Bu paragrafı Allah korusun diye noktalıycam. Her ağzımdan çıkan doğru olursa vay halime.

Artık soru cümlelerimin ardına soru işareti koymayı unutuyorum. Sorularım artık soru anlamı taşımıyor ya da ben cevapları o kadar umursamıyorum ki ağzımdan çıkanın soru olduğunu fark etmiyorum. Soru işareti koymam gerektiğini anlamam için tekrar tekrar okumam gerekiyor.

Özel hayat falan hep yalan. Gerçek olsa benimle ilgili bu kadar şey öğrenemezdiniz.

Ya nasıl diyeyim bilmiyorum ama bizim ailede biraz somatizasyon var. Ve annem ne zaman ortalıkta sürttüğümü görse homurdanıp sonra da senin yüzünden böyleyim midem ağrıyor diye bıkbık ediyor. Eskiden kızardım yok işte insan bloga geçip de anasına babasına söver mi diye, şu an hiç bir bok farkım yok onu da biliyorum ama... Cidden sıktı.

Sanki hayat çok ses çıkaran bir kara sinek ve ben de sıcaktan bunalmış bir şekilde elini sallayarak kara sineği kovalarken arada sineğin poposuna vurunca tiksinen o garip insanım.

Her an
Her dakika ömrümü boşa harcadığımın bilincinde(değilim aslında)yim.

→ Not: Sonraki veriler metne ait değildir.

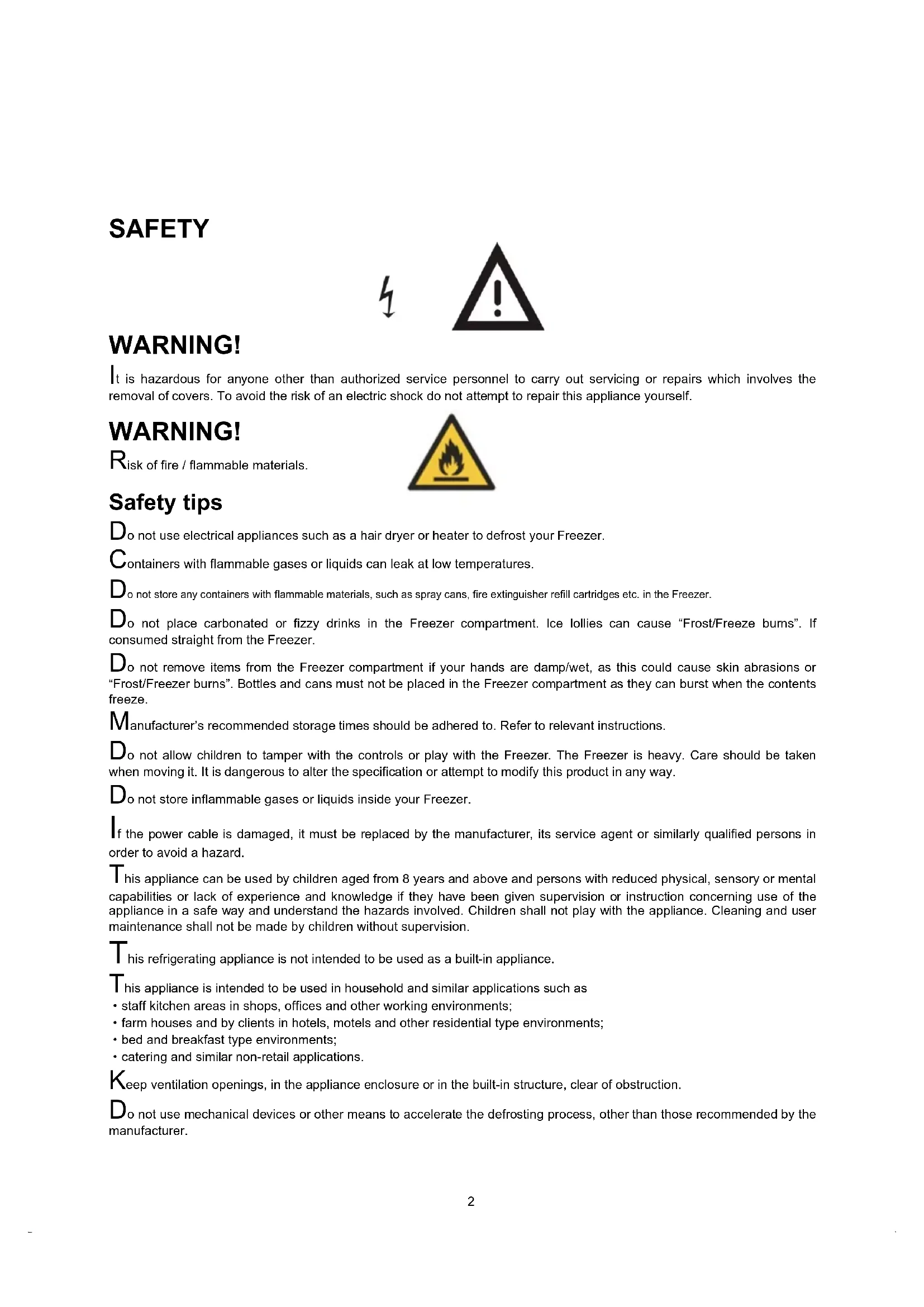 isk of fire / flammable materials. Safety tips Do not use electrical appliances such as a hair dryer or heater to defrost your Freezer. Containers with flammable gases or liquids can leak at low temperatures. Do not store any containers with flammable materials, such as spray cans, fire extinguisher refill cartridges etc. in the Freezer. Do not place carbonated or fizzy drinks in the Freezer compartment. Ice lollies can cause “Frost/Freeze burns”. If consumed straight from the Freezer. Do not remove items from the Freezer compartment if your hands are damp/wet, as this could cause skin abrasions or “Frost/Freezer burns”. Bottles and cans must not be placed in the Freezer compartment as they can burst when the contents freeze. Manufacturer’s recommended storage times should be adhered to. Refer to relevant instructions. Do not allow children to tamper with the controls or play with the Freezer. The Freezer is heavy. Care should be taken when moving it. It is dangerous to alter the specification or attempt to modify this product in any way. Do not store inflammable gases or liquids inside your Freezer. If the power cable is damaged, it must be replaced by the manufacturer, its service agent or similarly qualified persons in order to avoid a hazard. This appliance can be used by children aged from 8 years and above and persons with reduced physical, sensory or mental capabilities or lack of experience and knowledge if they have been given supervision or instruction concerning use of the appliance in a safe way and understand the hazards involved. Children shall not play with the appliance. Cleaning and user maintenance shall not be made by children without supervision. This refrigerating appliance is not intended to be used as a built-in appliance. This appliance is intended to be used in household and similar applications such as

Ömrümü sağlıklı bir şekilde harcamam için ne yapmam gerekiyor. Şu an yahoo answersdan baktım da tam olarak karşılığını bulamadım. Sanırım aramaya devam etmeliyim.
.
.
Buldum;

Artık insanları tipsiz ve idare eder yerine hepimiz insanız diye sınıflandırıyorum. Fark ettim ki güzel sanılan insanlar bile fena tipsiz. Kanıtlayabilirim. Elimde belgeler var.

Çok sıkıldım evet ama yeni bir yere alışmak istiyor muyum, hayır. Yeni yerler görmek istiyor muyum, hayır. Her zaman benliğimdeki narsistliğin bir kedimsi yanı olduğunu düşünmüştüm ama şu an bodoslama sokak kedisi tarzı bir hayat felsefem var. Olmadı poşet yerik, kanka.

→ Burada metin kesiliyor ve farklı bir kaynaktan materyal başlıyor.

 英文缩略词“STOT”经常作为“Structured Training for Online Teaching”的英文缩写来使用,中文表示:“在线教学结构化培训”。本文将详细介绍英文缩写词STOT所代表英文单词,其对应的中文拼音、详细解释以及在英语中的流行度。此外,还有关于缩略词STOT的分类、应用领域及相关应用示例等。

Depresyonu çok yanlış tanımlayan insanlar var bence. Yani tamam trendinizdir, alın baş tacınız edin, romantikleştirin artık tıngırıma takmıyorum da bence depresyon yalnız kaldığında ergenliğinden hissettiğin boktan bir duygu değil. Hayat yüzüne sıçmış ve sen yüzünde bokla etrafta dolaşıp ağlamamaya çalışırken aynı zamanda da herhangi birini parçalamamaya çalışıyormuşsun gibi bir şey. Bir de vücut dengen anormal bozuluyor yani böyle tüm kirli kan beyninde birikiyormuş gibi hissediyorsun.
Ya da ben çok yanlış anladım ve hayatım derpesyonda geçiyor.
Sanmıyorum.
Bence depresyon çok ele ayağa düşürülmüş. Yani ben hiç oooo depresyona girdim bak işte diye ortalıkta dolanmadım en azından. Dolaşıyorsan da ne mutlu.

Önceden içtiğim sonra bıraktığım ve şimdi yeniden başlamam gereken bir ilacın prospektüsünde
 ciddi kişisel veya ailevi sonuçlarına rağmen güçlü kumar oynama isteği -anormal veya olağan dışı düşünceler
yazıyormuş. İlk içtiğimde öyle şeyler hissetmemiştim ama bakalım belki bir kaç haftaya beni evden kaçıp Las Vegas'ta sürünürken bulursunuz. (Uçak parasını da kumardan kazanırım herhalde.)

Çikolata tiksintim o kadar büyüdü ki çikolata reklamı gördüğümde öğürüyorum artık.

Ayaklarım uyuştu sanırım salak salak yahoo answers sayfalarında dolaşmaktansa kalkıp biraz dolaşıp uyumam gerek.